For example, refer to the prediction application diagram of fig. 4, in the prediction application diagram, the live broadcast room is divided into t1 time period, t2 time period and t3 time period according to the preset duration, and each time period corresponds to one target media resource. The electronic equipment calculates the wonderful degree of the target media resource in the time period t2 based on the target media resource in the time period t 1. Based on the target media resource at the time period t2, the wonderful degree of the target media resource at the time period t3 is calculated. Based on the target media resource at the time period t3, the wonderful degree of the target media resource at the time period t4 is calculated. And determining whether to recommend the target media resources in the corresponding time period to the user according to the output result. Wherein the t2 period is the next period of the t1 period, the t3 period is the next period of the t2 period, and the t4 period is the next period of the t3 period.

The technical scheme provided by the embodiment can at least bring the following beneficial effects: the electronic equipment predicts the wonderful degree of the target media resource in the next time period by using the target prediction model, the wonderful degree is determined by the target prediction model through feature extraction of the target media resource, and the wonderful degree predicted by the target prediction model is more accurate due to the fact that the extracted features are derived from the content of the target media resource.

Optionally, as shown in fig. 5, the media resource data processing method further includes:

step 51, the electronic device obtains a plurality of media resource samples and each media resource sample label in the plurality of media resource samples.

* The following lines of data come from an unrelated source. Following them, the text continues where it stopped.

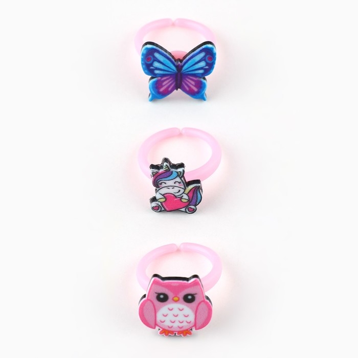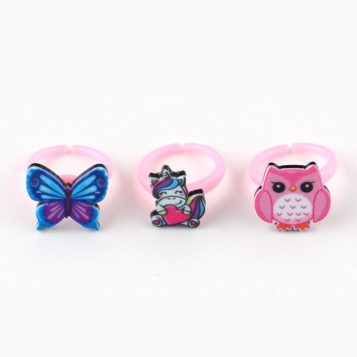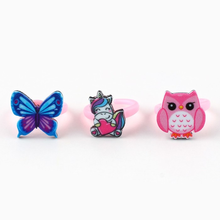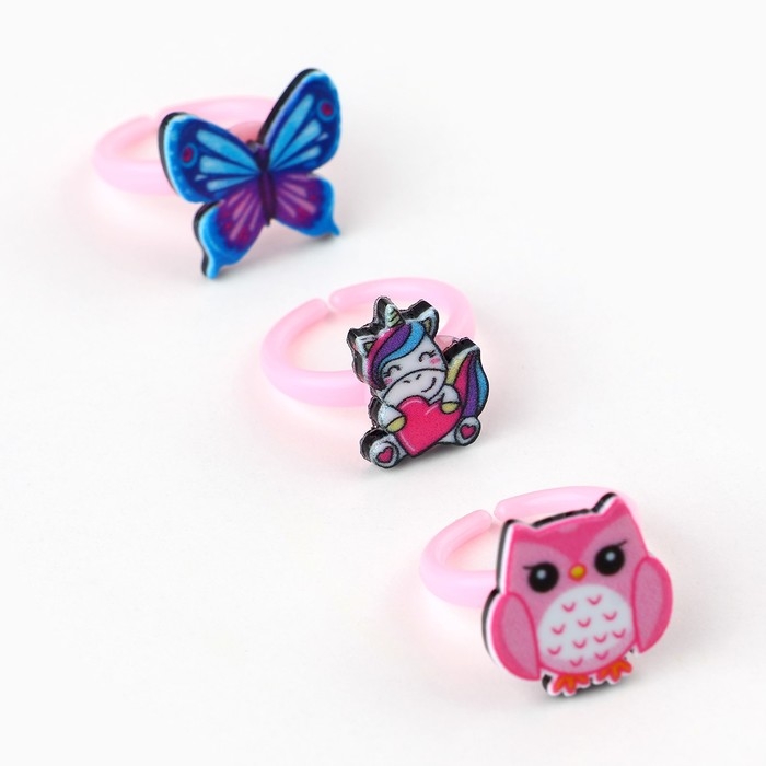 В нашем наборе детских колец есть множество различных аксессуаров, которые подойдут маленькими девочками. Кольца (бижутерия) сделаны из высококачественного гипоаллергенного бижутерного сплава и пластика, который не нанесет вреда коже ребенка. Кольца для девочек имеют форму популярных фигурок для этого возраста, от единорогов и зайчиков до сердец и радуг. Детские украшения прекрасно подойдут в качестве подарка на любой праздник и могут быть ношены на каждый день или на особые мероприятия, такие как выпускной из детского сада или день рождения.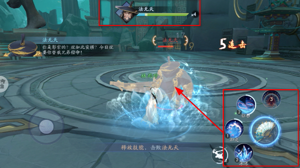 3、在BOSS战中释放技能,击败法无天,完成战斗任务,推进剧情。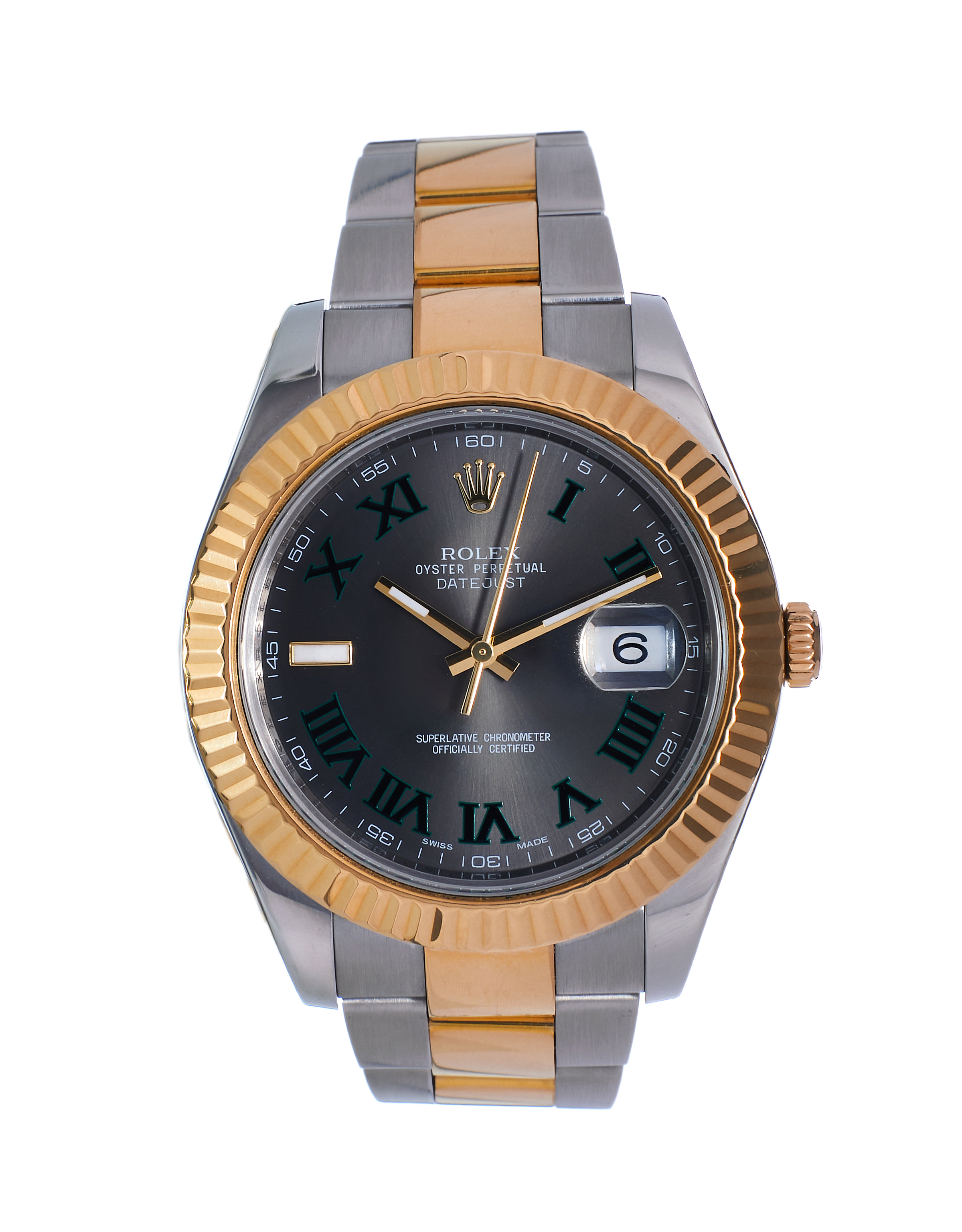 This Rolex Datejust II 116333 has a slate roman numeral dial and a bracelet strap. This Rolex has undergone a thorough inspection of water resistance, accuracy, functionality and condition to determine the level of reconditioning required to meet our strict standards. It has also been referenced against technical documents and manufacturer records where available to ensure authenticity and a clean history. All our watches have a 24-month warranty for your peace of mind. One of our skilled polishing technicians has removed marks on the case and bracelet of this watch, brought about by daily wear and tear, which is why this watch does not come with the remaining manufacturer’s warranty.
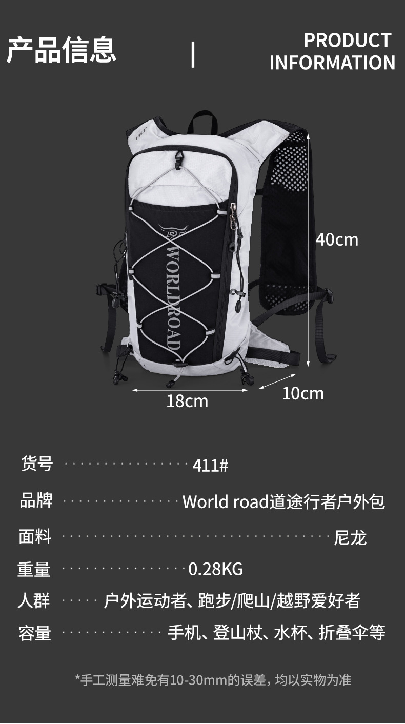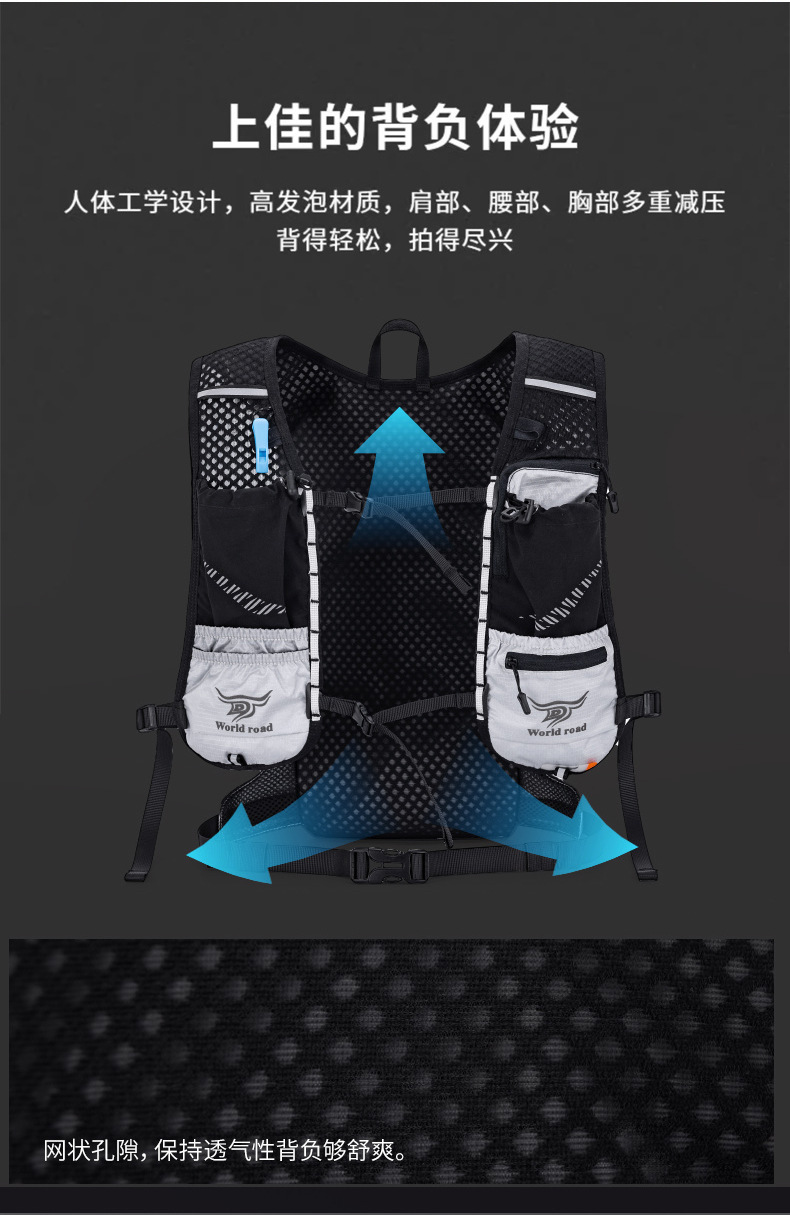 Road Walker 국경 간 새로운 다기능 러닝 배낭 마라톤 스포츠 배낭 사이클링 워터 가방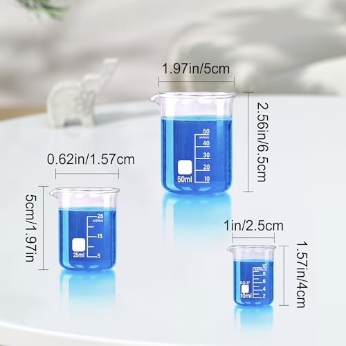 Various Capacities: Our glass beakers set contains 5 sizes of lab beakers, including 10, 25, 50, 100, 250ml, (0.34, 0.85, 1.69, 3.38, 8.45oz), meets your various needs, can be used in the laboratory, kitchen, garden, or medical field, chemical industry, etc.

The media resource sample label is used for representing a first wonderful degree of the associated media resource sample, a time interval corresponding to the associated media resource sample is a next time interval of the media resource sample, and the associated media resource sample and the media resource sample are from the same media resource set.

In one possible implementation, the electronic device may download a public media resource sample dataset from a public database to obtain a plurality of media resource samples; it is also possible to directly read a locally stored media asset sample. Each media asset sample label in the plurality of media asset samples is used to characterize a first highlight of the associated media asset sample.

Illustratively, the media asset sample tags may be "highlights" and "highlights". Or a value between 0 and 1, wherein if the value is greater than the threshold, the label of the media asset sample is determined to be "wonderful", and if the value is less than the threshold, the label of the media asset sample is determined to be "wonderful". Such as: the threshold value corresponding to the highlights is greater than 0.5; the threshold for the matte is less than 0.5. Specifically, the setting of the threshold is related to an actual application scenario, and the disclosure does not limit this.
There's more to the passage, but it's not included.